From the first line to the last, set down the material exactly, leaving out its pictures.

SOURCE DATA

────────

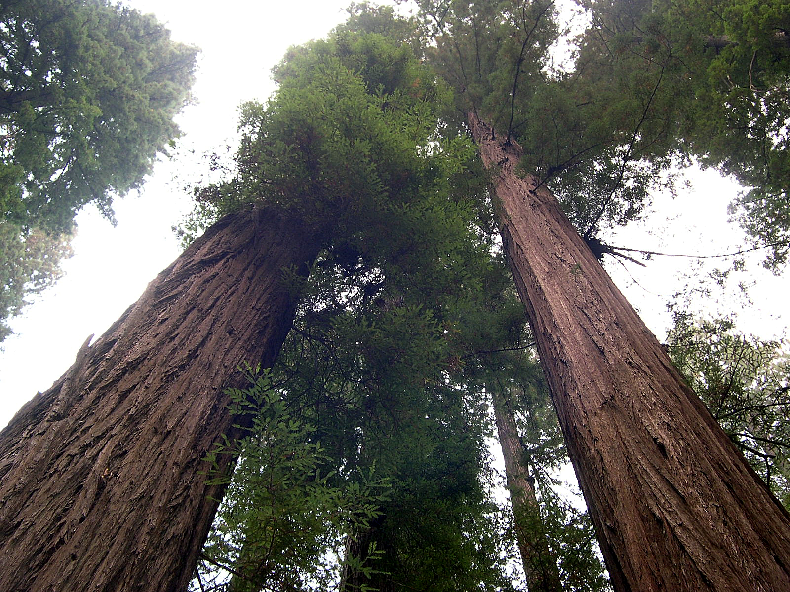 Founders Grove, Humboldt Redwoods State Park - Coast Redwood (Sequoia sempervirens)
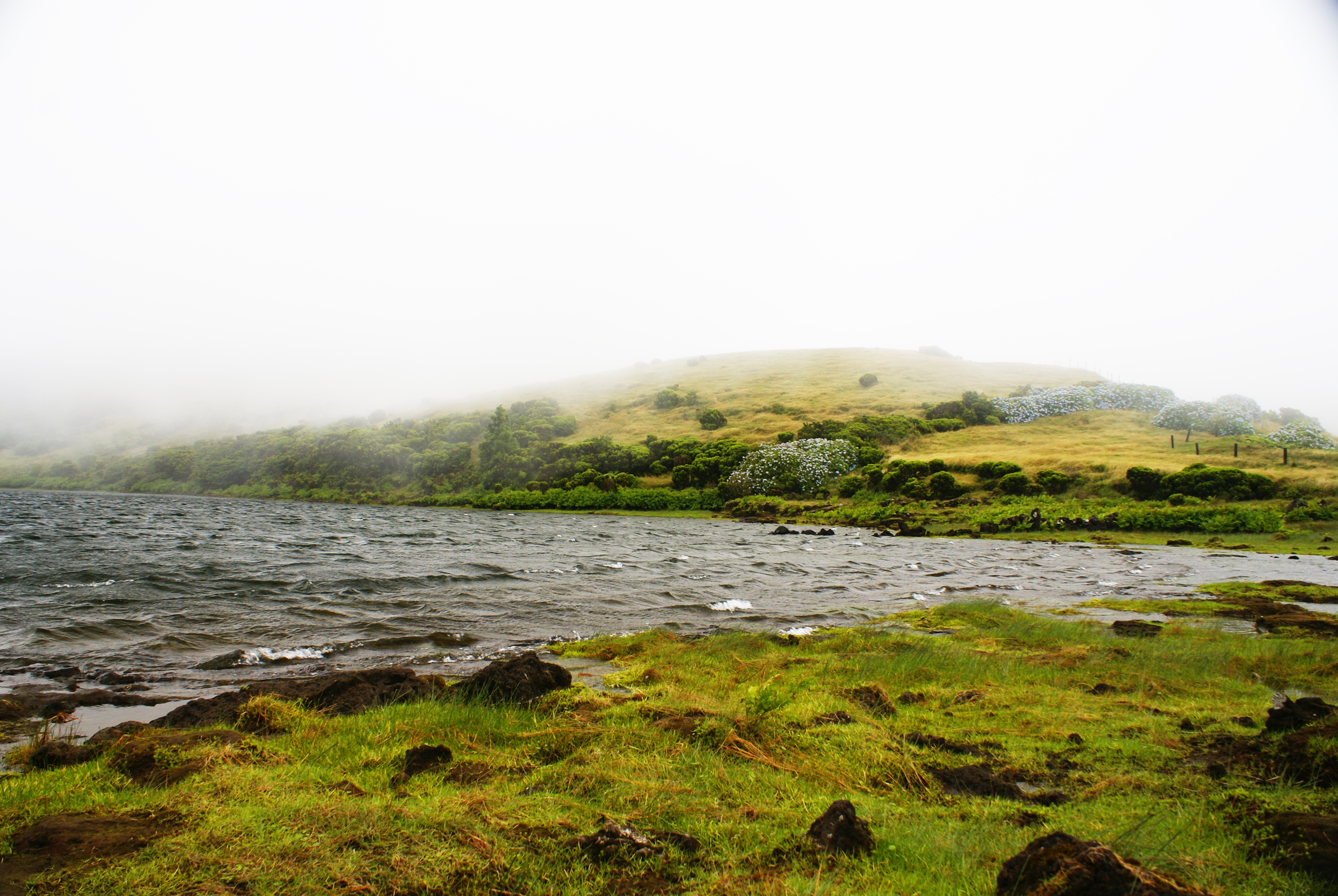 Lagoa do Landroal, as the fog descends from the headlands, , municipality of Lajes do Pico, island of Pico, Azores (Portugal)
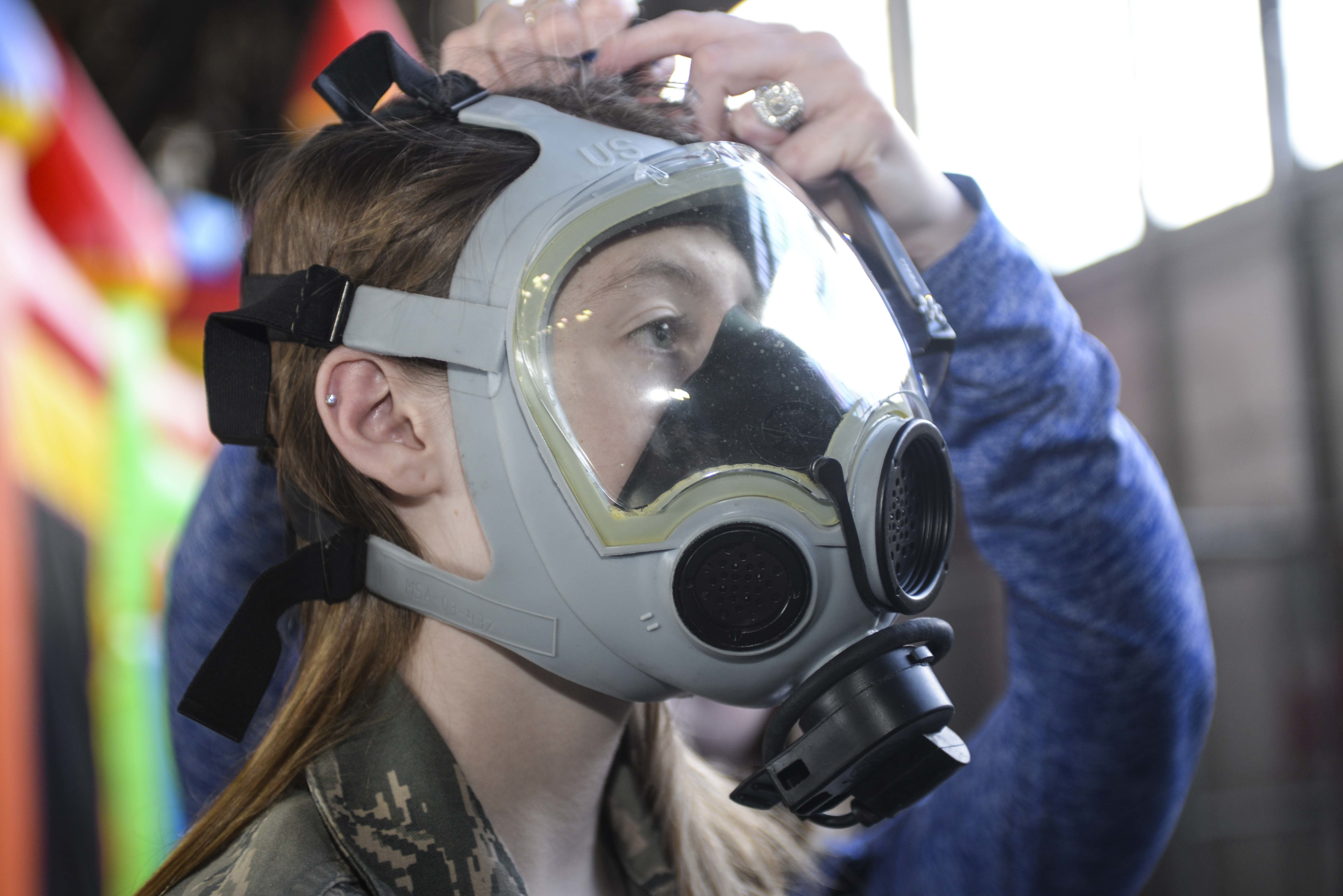 Caitlyn Parks, daughter of Master Sgt. Timothy Parks, 28th Civil Engineer Squadron heating, ventilation, air condition and refrigeration NCO in charge, dons a gas mask during the kids’ deployment line at Ellsworth Air Force Base, S.D., April 9, 2016. The event was hosted to commemorate military children and the sacrifices made while their parent(s) serve. (U.S. Air Force photo by Airman 1st Class Sadie Colbert/Released) Unit: 28th Bomb Wing Public Affairs
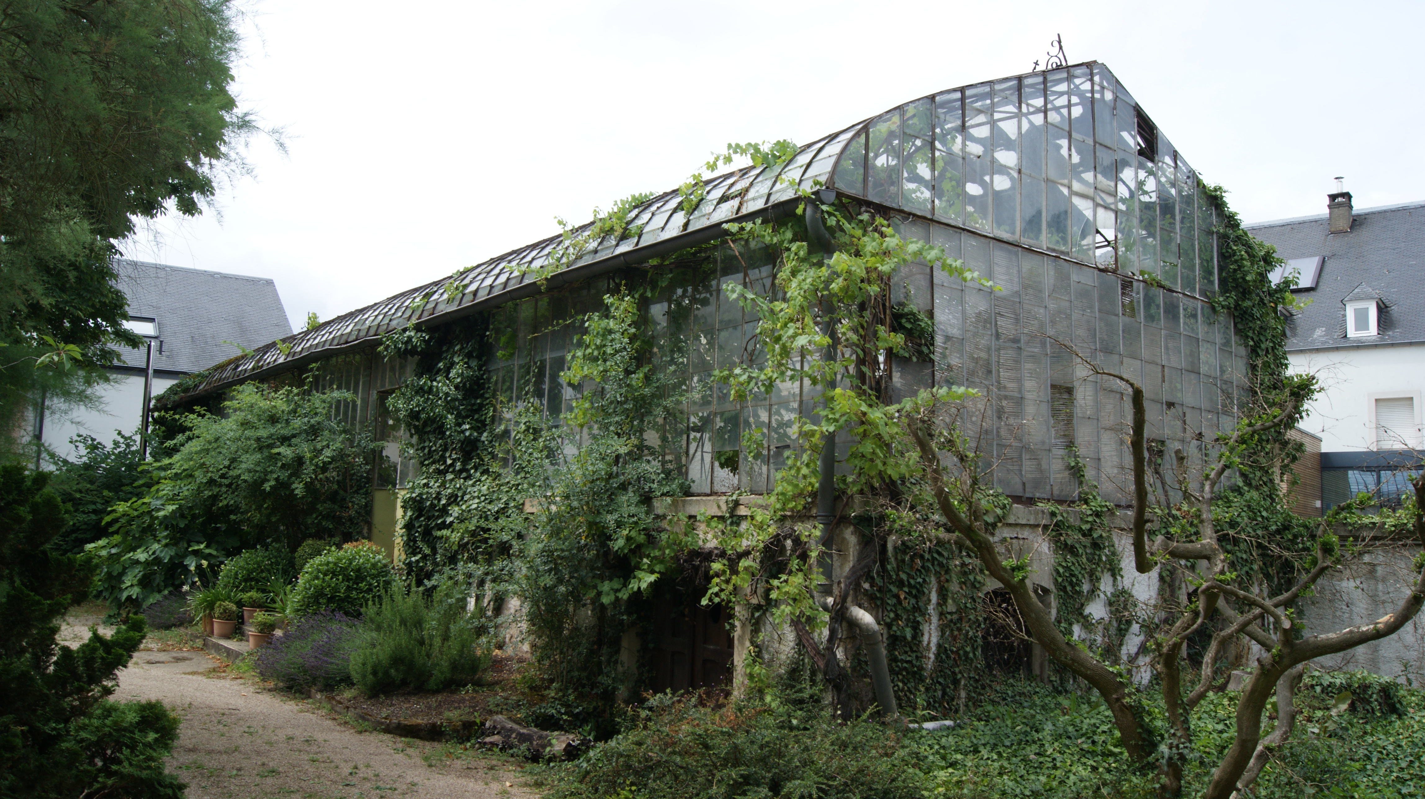 Wintrange Castle in Wintrange in the municipality Schengen, Luxembourg. Built in 1610. Orangery

────────

TASK ANSWER
 Founders Grove, Humboldt Redwoods State Park - Coast Redwood (Sequoia sempervirens)
 Lagoa do Landroal, as the fog descends from the headlands, , municipality of Lajes do Pico, island of Pico, Azores (Portugal)
 Caitlyn Parks, daughter of Master Sgt. Timothy Parks, 28th Civil Engineer Squadron heating, ventilation, air condition and refrigeration NCO in charge, dons a gas mask during the kids’ deployment line at Ellsworth Air Force Base, S.D., April 9, 2016. The event was hosted to commemorate military children and the sacrifices made while their parent(s) serve. (U.S. Air Force photo by Airman 1st Class Sadie Colbert/Released) Unit: 28th Bomb Wing Public Affairs
 Wintrange Castle in Wintrange in the municipality Schengen, Luxembourg. Built in 1610. Orangery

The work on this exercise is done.